Hoje, de acordo com o anuário, uma pessoa é estuprada a cada seis segundos no Brasil. Então a questão não é ensinar sexo para crianças, mas sim dar a elas o discernimento que certas atitudes não são aceitavéis. “Não há o que fazer se não sabemos o que está acontecendo. O próprio anuário explica que um dos principais espaços onde a situação de violência é revelada é a escola, então programas de orientação dedicados aos professores, por exemplo, são essenciais”, explica a psicóloga e analista judiciária integrante da Equipe Técnica da Coordenadoria de Infância e Juventude do Tribunal de Justiça da Bahia (CIJ TJBA), Alessandra Meira.

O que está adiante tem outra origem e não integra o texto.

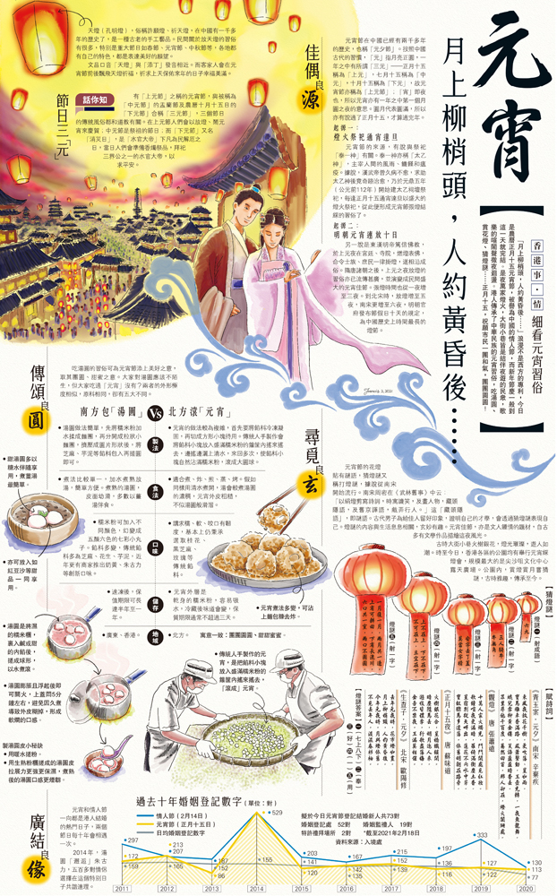 「月上柳梢頭,人約黃昏後……」浪漫不是西方的專利,今日是農曆正月十五元宵節,被譽為中國的情人節,而新年節慶一般到這一天就完結。是夜萬家燈火,大街小巷皆是結伴夜遊的民眾,歌樂的喧鬧聲徹夜迴盪。港人傳承了中華民族的元宵習俗,吃湯圓、賞花燈、猜燈謎……正月十五,祝願市民一團和氣,團團圓圓!

E esse trabalho de reeducação e orientação, claro, precisa chegar também nos órgãos que defendem essas vítimas. “Há toda essa cultura do estupro que é demonstrada, por exemplo, quando se exige que uma mulher prove que foi estuprada, ou afirmações de que a vitíma “estava pedindo e querendo” apenas por ela usar roupa curta”, explica a promotora de justiça Sara Gama, coordenadora do Núcleo de Enfrentamento às Violências de Gênero em Defesa dos Direitos das Mulheres (Nevid) do MPBA.
A promotora, no entanto, ressalta a importância que foi e tem sido a presença da Lei Maria da Penha – vigorada em 2006 -, nesse combate a violência e abusos. “Costumo dizer que, mesmo que essa Lei não servisse para nada, só a existência dela já serviria para escancarar as violências que, até pouco tempo atrás, não tinham nome e nem eram combatidas. Hoje, é preciso reforçar e priorizar essas políticas de combate a violência e abuso”, afirma.